→ Aim of the exercise:
From the line that contains "A website design" down to the last line of the data below, restate every line word for word, skipping any images.

→ Data shown:

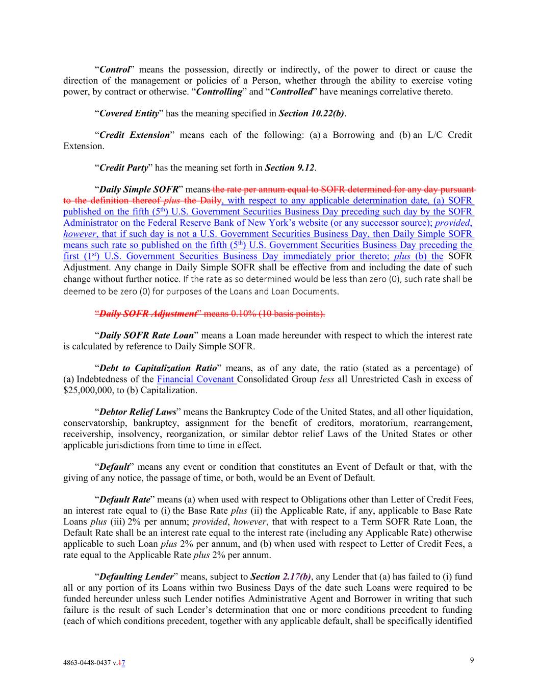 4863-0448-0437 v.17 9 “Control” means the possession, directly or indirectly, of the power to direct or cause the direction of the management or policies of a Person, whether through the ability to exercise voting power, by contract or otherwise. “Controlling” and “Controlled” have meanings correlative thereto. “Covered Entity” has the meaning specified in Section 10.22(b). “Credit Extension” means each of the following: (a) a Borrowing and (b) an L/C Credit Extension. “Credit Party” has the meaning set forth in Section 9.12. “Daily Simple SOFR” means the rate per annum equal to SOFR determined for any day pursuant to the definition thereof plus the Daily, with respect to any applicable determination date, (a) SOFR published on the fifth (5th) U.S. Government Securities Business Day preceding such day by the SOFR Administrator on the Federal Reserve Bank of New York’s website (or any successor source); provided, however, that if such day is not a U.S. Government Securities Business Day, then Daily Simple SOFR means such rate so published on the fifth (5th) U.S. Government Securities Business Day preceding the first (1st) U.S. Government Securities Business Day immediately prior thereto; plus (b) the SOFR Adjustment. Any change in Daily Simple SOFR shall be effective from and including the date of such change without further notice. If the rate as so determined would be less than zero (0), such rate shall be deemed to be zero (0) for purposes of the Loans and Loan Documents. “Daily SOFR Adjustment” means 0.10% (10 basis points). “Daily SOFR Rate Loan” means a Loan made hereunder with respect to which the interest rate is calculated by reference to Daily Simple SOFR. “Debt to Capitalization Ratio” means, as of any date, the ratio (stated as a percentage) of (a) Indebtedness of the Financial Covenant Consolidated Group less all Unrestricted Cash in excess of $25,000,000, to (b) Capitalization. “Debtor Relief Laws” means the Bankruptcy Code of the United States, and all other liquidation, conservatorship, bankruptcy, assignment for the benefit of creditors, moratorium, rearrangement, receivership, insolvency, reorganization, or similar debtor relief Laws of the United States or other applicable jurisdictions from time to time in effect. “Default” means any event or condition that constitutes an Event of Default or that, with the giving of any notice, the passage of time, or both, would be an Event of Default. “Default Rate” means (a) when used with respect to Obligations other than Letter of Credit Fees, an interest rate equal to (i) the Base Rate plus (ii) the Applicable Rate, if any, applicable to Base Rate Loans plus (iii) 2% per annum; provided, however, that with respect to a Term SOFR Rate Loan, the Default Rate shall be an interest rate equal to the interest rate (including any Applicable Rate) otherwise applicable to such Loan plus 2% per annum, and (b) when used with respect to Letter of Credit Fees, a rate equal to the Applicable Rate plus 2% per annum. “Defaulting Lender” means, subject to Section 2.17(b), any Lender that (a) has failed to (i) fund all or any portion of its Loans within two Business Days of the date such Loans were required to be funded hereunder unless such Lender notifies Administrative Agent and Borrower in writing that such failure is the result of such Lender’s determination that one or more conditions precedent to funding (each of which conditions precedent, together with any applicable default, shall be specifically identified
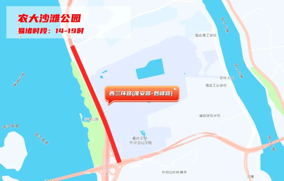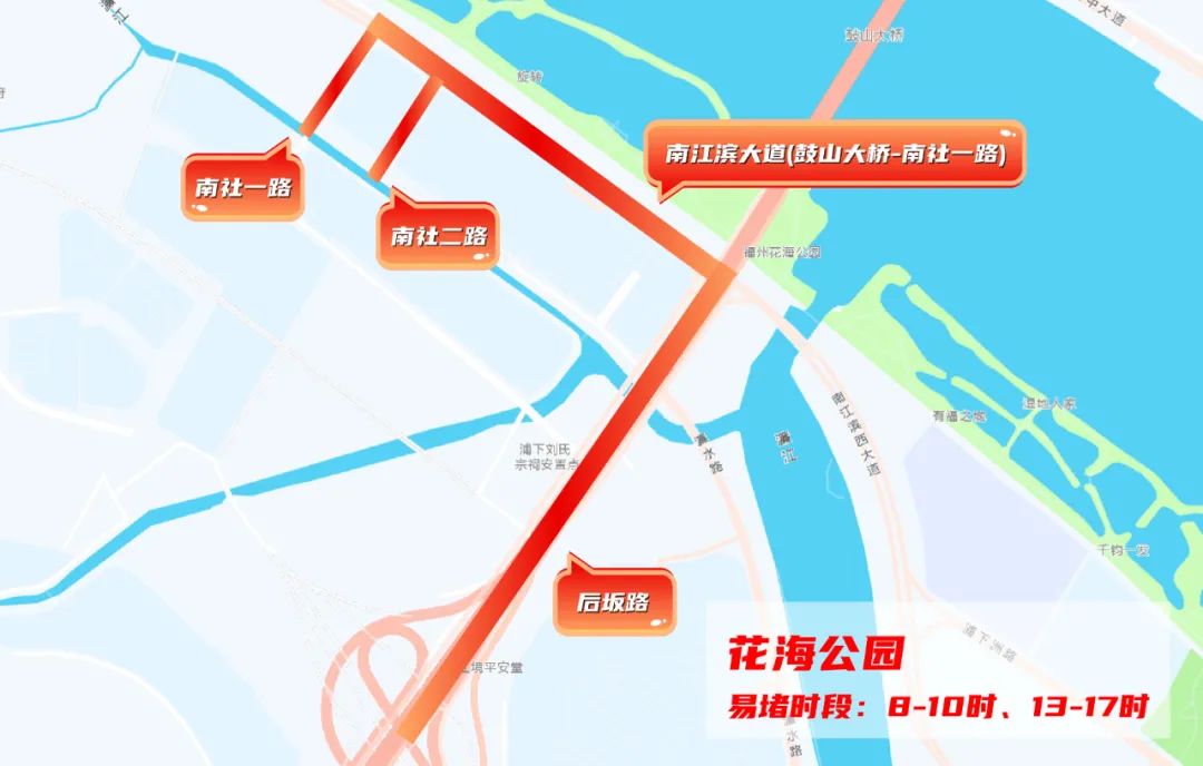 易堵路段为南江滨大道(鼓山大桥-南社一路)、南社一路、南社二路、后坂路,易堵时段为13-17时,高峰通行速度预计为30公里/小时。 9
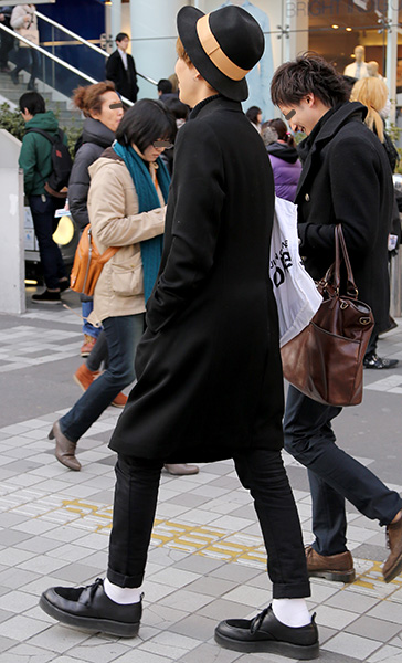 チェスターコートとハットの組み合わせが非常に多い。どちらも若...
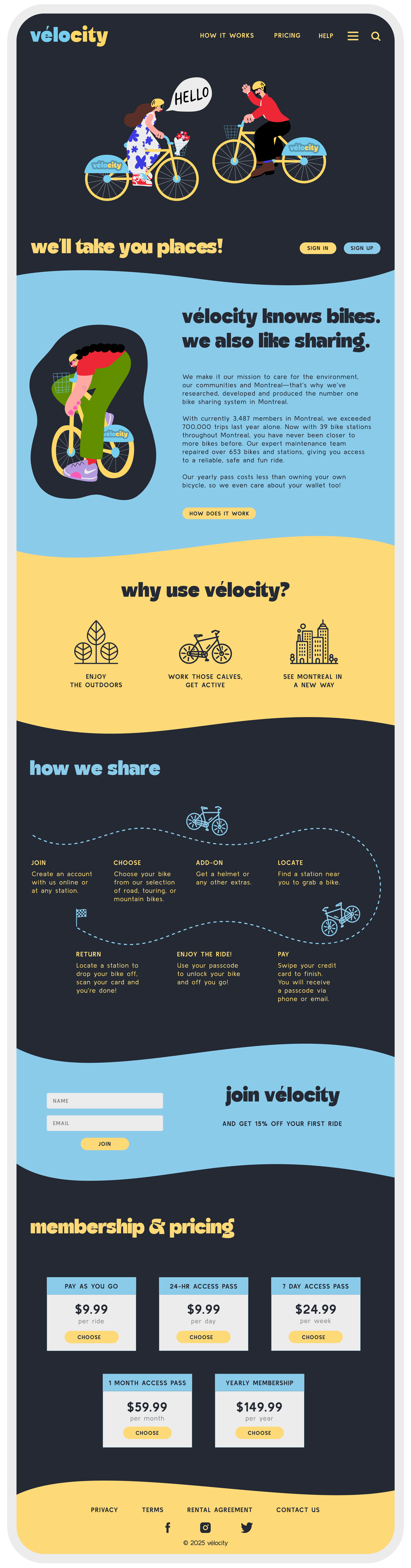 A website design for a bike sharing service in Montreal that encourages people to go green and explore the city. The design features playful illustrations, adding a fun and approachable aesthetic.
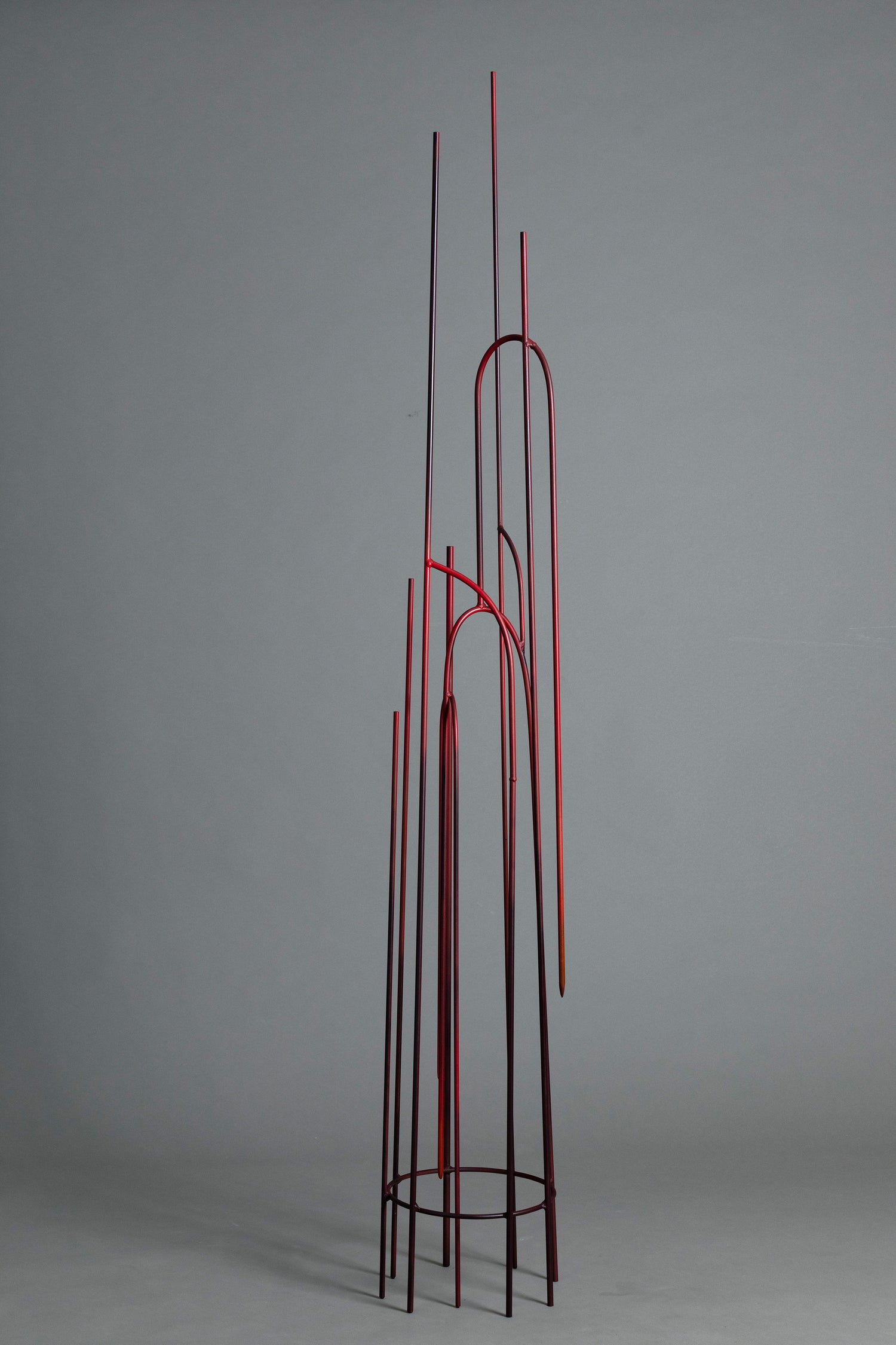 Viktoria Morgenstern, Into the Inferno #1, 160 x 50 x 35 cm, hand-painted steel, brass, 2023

→ Answer:
 A website design for a bike sharing service in Montreal that encourages people to go green and explore the city. The design features playful illustrations, adding a fun and approachable aesthetic.
 Viktoria Morgenstern, Into the Inferno #1, 160 x 50 x 35 cm, hand-painted steel, brass, 2023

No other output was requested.